Au-delà de ces résultats, les auteurs de l’EEM portent leur espoir sur des interventions
économiques et financières qui pourraient constituer de puissants instruments de régulation
de l’usage des biens et services procurés par les écosystèmes.
Conclusion
La biodiversité est devenue un motif de préoccupation mondiale. Tout le monde n'est pas
d'accord sur le fait qu'une extinction massive est ou non en cours, mais la plupart des
observateurs admettent la disparition accélérée de nombreuses espèces, et considèrent
essentiel que cette diversité soit préservée, selon le principe de précaution.

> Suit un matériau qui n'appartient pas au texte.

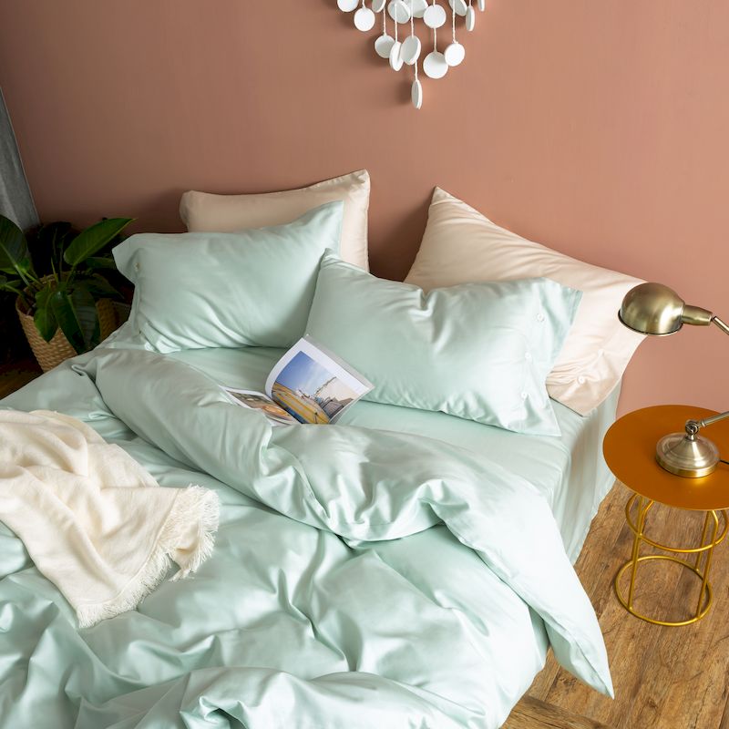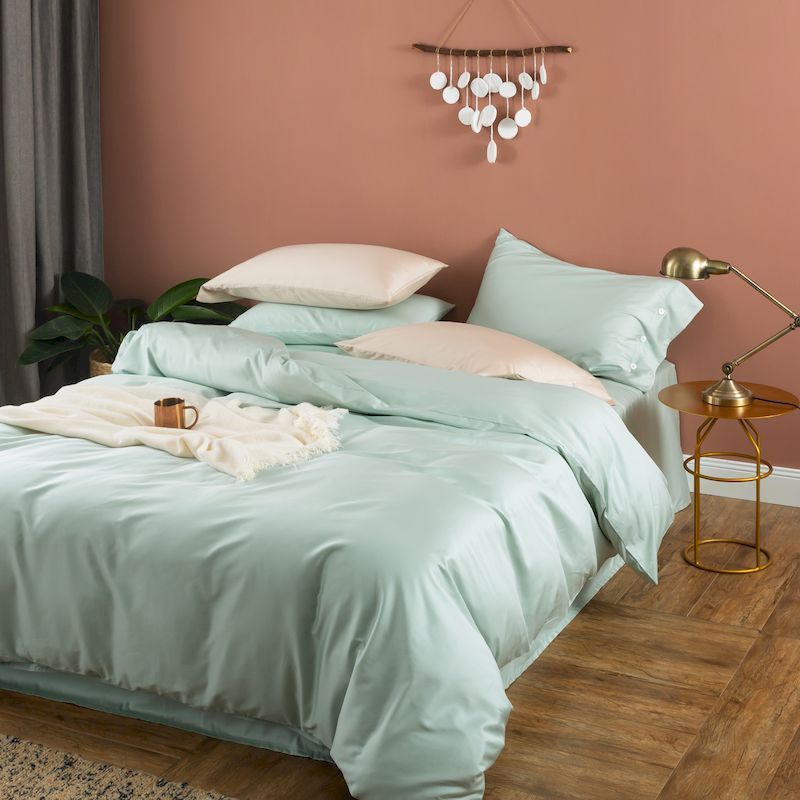 涞澳家纺 2019新款60长绒棉平色简易四件套 艾草绿

La présence de l'homme, mais surtout l'intensivité de ses actions perturbent les équilibres
écologiques avec, notamment dans les plaines, une destruction et fragmentation croissante
des habitats, devenus deux des principaux facteurs de la perte d’un haut niveau de richesse
biologique, l'autre étant les invasions biologiques. Une grande partie des activités humaines
semblent compatibles avec le maintien d’une biodiversité importante à condition que
certaines règles de gestion et d’aménagement soient respectées. Certaines demandent de
profonds changements, sociaux, politiques et économiques. La volonté d’utiliser des outils
économiques pour évaluer la biodiversité en terme monétaire et ainsi orienter le
comportement de l’Homme soulève cependant deux questions majeures : est-ce acceptable
d’un point de vue éthique ? Est-ce faisable techniquement?
C’est sur l’ensemble de ces questions et de ces considérations que nous tenterons
d’apporter un éclairage dans le chapitre II.